Python算法挑战？

5 投票

8 回答

548 浏览

提问于 2025-04-16 21:57

我有一个 python 函数（叫它 myFunction），这个函数的输入是一个数字列表，经过复杂的计算后，它会返回一个数字作为结果。

这个函数的样子是这样的：

def myFunction( listNumbers ):
    # initialize the result of the calculation
    calcResult = 0

    # looping through all indices, from 0 to the last one
    for i in xrange(0, len(listNumbers), 1):
        # some complex calculation goes here, changing the value of 'calcResult'

    # let us now return the result of the calculation
    return calcResult

我测试过这个函数，它的表现符合预期。

通常情况下，myFunction 会接收一个名为 listNumbers 的参数，这个参数里有 5,000,000 个元素。

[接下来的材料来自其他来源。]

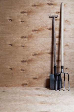 shovel and black metal pitchfork on a long wooden handle stand upright against a light plywood background
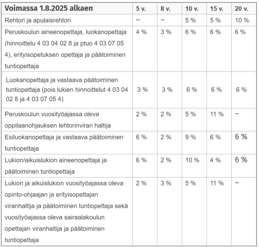Opetustyötä voidaan sopia lukuvuoden aikana vaihdettavaksi enintään 114 tuntia kehittämistyöhön / mentorointi -ja / tai tutortyöhön (1.8.2025 alkaen).
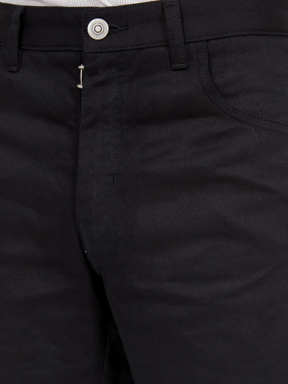 Черный, смесовый хлопок, деним, эластичный материал, нашивка с логотипом, контрастная строчка, петли для ремня, застежка на молнии и пуговице спереди, пять карманов, прямой крой и прямой подол.
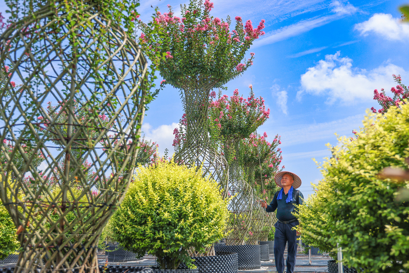 8月14日,在江蘇省鹽城市射陽縣,江蘇農墾新洋農場容器苗項目基地,管理人員正在養(yǎng)護紫薇花瓶。近年來,新洋農場利用容器苗基地優(yōu)勢,在栽培方式上大膽嘗試,通過扦插培育,實現(xiàn)了自繁自育栽培技術的新突破,容器栽培的模式使苗圃成活率更高、綠化效果更好,優(yōu)良的品質廣受全國各地綠化項目方的青睞。
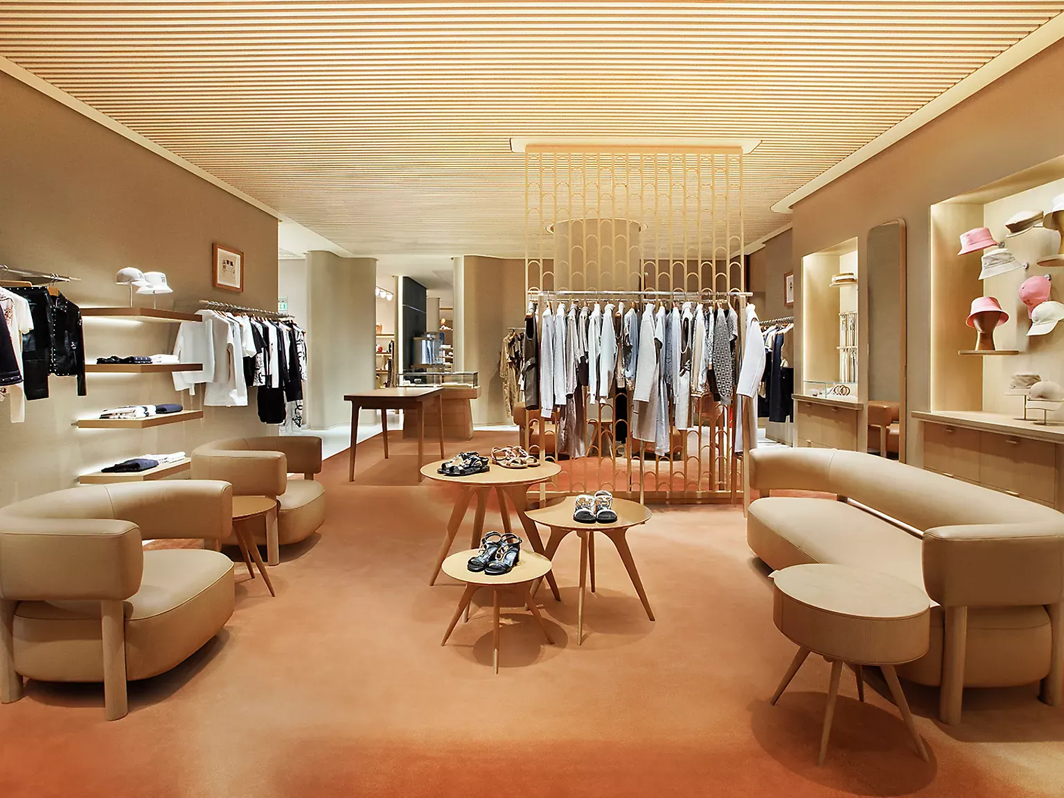 新店嘅整體設計繼續由一直與品牌合作無間嘅巴黎建築事務所 RDAI 負責操刀。喺外觀方面,最引人注目嘅亮點係店舖全新打造嘅外牆。設計團隊特別採用咗羽毛形狀嘅陶瓷磚去覆蓋外牆表面,拼湊出猶如神話生物鳳凰嘅羽毛紋理,呈現出鮮明同生動嘅視覺效果。呢個設計唔單止呼應咗中國神話傳說,亦都巧妙咁展現出傳統美學與現代創新之間嘅對話。
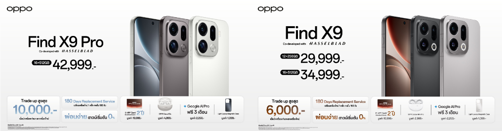 สัมผัสสมาร์ตโฟนระดับแฟลกชิป OPPO Find X9 Series สมาร์ตโฟน “ซูมดีทุกคอนเสิร์ต” ที่รวมที่สุดของเทคโนโลยีการถ่ายภาพ วิดีโอ และ AI อัจฉริยะ ไว้ในดีไซน์ที่พรีเมียมเหนือระดับ มาพร้อมระบบปฏิบัติการ ColorOS 16 ใหม่ล่าสุดที่ลื่นไหลและทรงพลังยิ่งกว่าเคย เป็นเจ้าของได้แล้ววันนี้ โดย OPPO Find X9 Pro มาพร้อมความจุ 16+512GB ใน 2 สี ได้แก่ สีขาว Silk White และสีเทา Titanium Charcoal ในราคา 42,999 บาท ส่วน OPPO Find X9 มีให้เลือกสองรุ่นความจุ 12+256GB และ 16+512GB พร้อมมีให้เลือก 2 สี ได้แก่ สีเทา Titanium Grey และสีดำ Space Black ราคาเริ่มต้นที่ 29,999 บาท เปิดจำหน่ายพร้อมกันทั่วประเทศ ณ OPPO Brand Shop ทุกสาขาและตัวแทนจำหน่ายทั่วประเทศ พร้อมโปรโมชั่นสุดพิเศษช่วงเปิดตัว

正如你所想的，计算需要一些时间。我希望这个函数能尽可能快地运行。

现在来了一个挑战：假设现在是早上5点，而 listNumbers 里只有 4,999,999 个值。也就是说，它的最后一个值 还没有准备好。这个值要到早上6点才会有。

显然，我们可以这样做（第一种方式）：等到早上6点，然后把最后一个值加到 listNumbers 里，再运行 myFunction。这个方法是可行的，但会花费一些时间，因为 myFunction 需要处理 整个数字列表，从第一个元素开始。记住，我们的目标是尽快在6点后得到结果。

我在想有没有更有效的方法来解决这个问题（第二种方式）：因为在早上5点时，我们已经有了 listNumbers 里 4,999,999 个值，我们可以立刻开始运行 myFunction。我们可以处理 我们能处理的部分（记住，我们还没有最后一条数据），然后——正好在6点——把新数据“插入”进来，生成计算结果。这应该会快很多，因为 大部分处理 会在6点之前完成，因此我们只需要处理新数据——这意味着计算结果应该在 6点后立刻可用。

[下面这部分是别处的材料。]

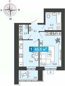 Продается однокомнатная квартира от застройщика с предчистовой отделкой в ЖК "Созвездие" на 14 этаже. Общая площадь: 45.5 кв.м., жилая: 16.8 кв.м., площадь просторной кухни-столовой: 11.6 кв.м. Все окна выходят на одну сторону. В квартире один балкон, один совмещенный санузел. Высота потолков 2.7 м.
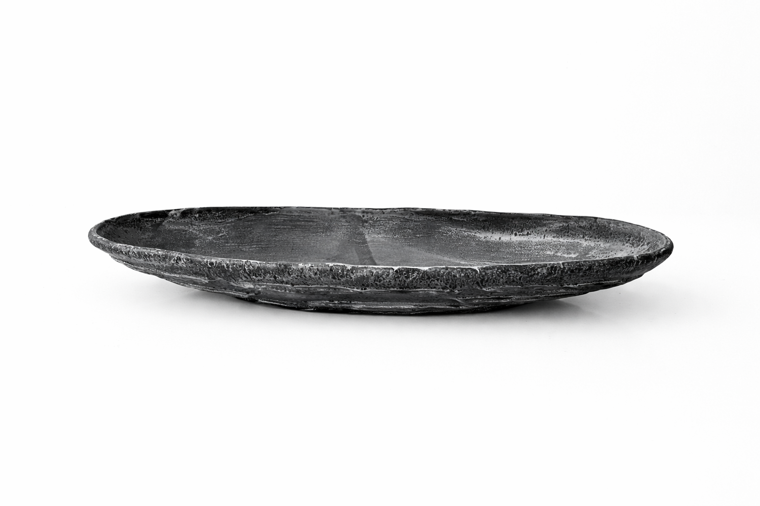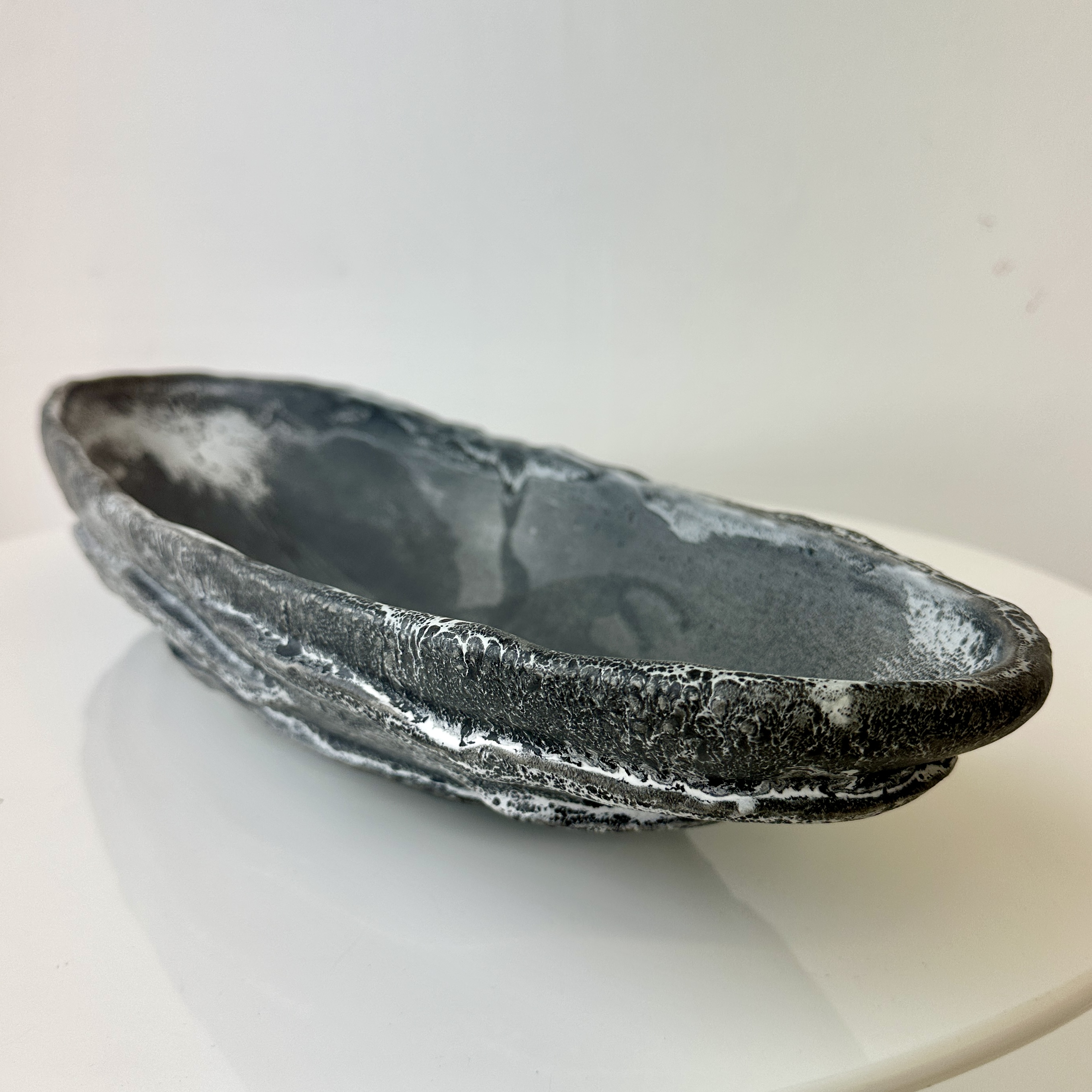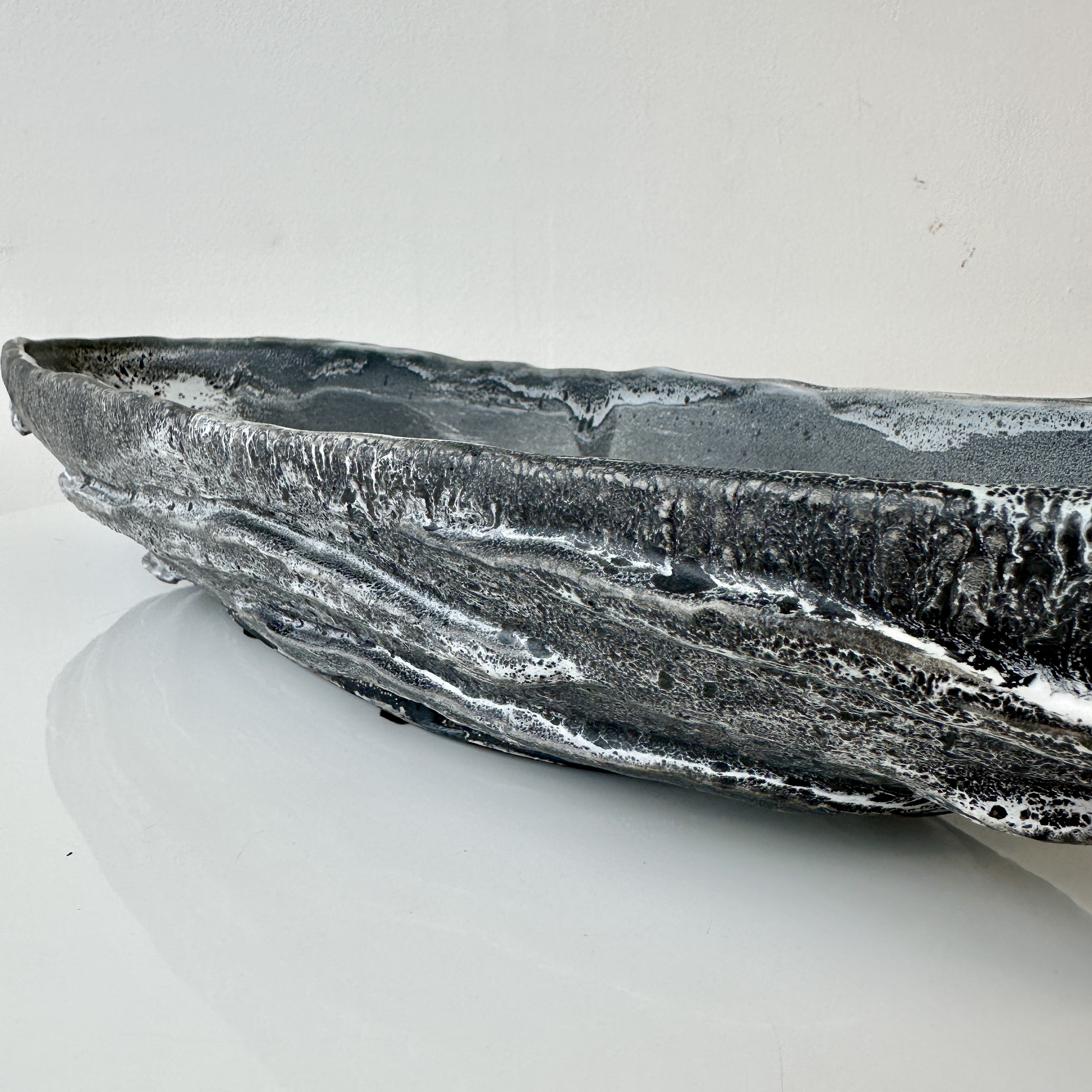 “Black, Grey and White Patterned and Textured Oblong Bowl by Aram C.”

假设我们无法查看或修改 myFunction 的代码。有没有任何编程技巧或设计思路，可以让我们在不改变代码的情况下，使用 myFunction 原样，使它以第二种方式运行，而不是第一种方式？

请不要建议使用 c++ / numpy + cython / 并行计算 等方法来解决这个问题。这里的目标是看看是否有任何 编程技巧 或 设计模式 可以轻松用于解决此类问题。

实时计算并发编程设计模式数据处理函数设计算法优化性能提升计算复杂度

8 个回答

子类列表，这样当函数尝试读取最后一个值时，它会阻塞，直到另一个线程提供这个值。

import threading
import time

class lastblocks(list):
    def __init__(self,*args,**kwargs):
        list.__init__(self,*args,**kwargs)
        self.e = threading.Event()
    def __getitem__(self, index):
        v1 = list.__getitem__(self,index)
        if index == len(self)-1:
            self.e.wait()
            v2 = list.__getitem__(self,index)
            return v2
        else:
            return v1


l = lastblocks(range(5000000-1)+[None])

def reader(l):
    s = 0
    for i in xrange(len(l)):
        s += l[i]
    print s

def writer(l):
    time.sleep(10)
    l[5000000-1]=5000000-1
    l.e.set()
    print "written"

reader = threading.Thread(target=reader, args=(l,))
writer = threading.Thread(target=writer, args=(l,))
reader.start()
writer.start()

打印：

written
12499997500000

对于numpy：

import threading
import time

import numpy as np

class lastblocks(np.ndarray):
    def __new__(cls, arry):
        obj = np.asarray(arry).view(cls)
        obj.e = threading.Event()
        return obj
    def __array_finalize__(self, obj):
        if obj is None: return
        self.e = getattr(obj, 'e', None)

    def __getitem__(self, index):
        v1 = np.ndarray.__getitem__(self,index)
        if index == len(self)-1:
            self.e.wait()
            v2 = np.ndarray.__getitem__(self,index)
            return v2
        else:
            return v1


l = lastblocks(np.asarray(range(5000000-1)+[None]))

def reader(l):
    s = 0
    for i in xrange(len(l)):
        s += l[i]
    print s

def writer(l):
    time.sleep(10)
    l[5000000-1]=5000000-1
    l.e.set()
    print "written"

reader = threading.Thread(target=reader, args=(l,))
writer = threading.Thread(target=writer, args=(l,))
reader.start()
writer.start()

回答于 2025-04-16 由 Python大师

分享举报

你说的“数字列表”，是指Python里那种内置的list类型吗？

如果不是，那就简单了。Python使用一种叫做鸭子类型的方式，所以只要传入任何可以被迭代的序列就可以了。你可以用yield这个关键字来传递一个生成器。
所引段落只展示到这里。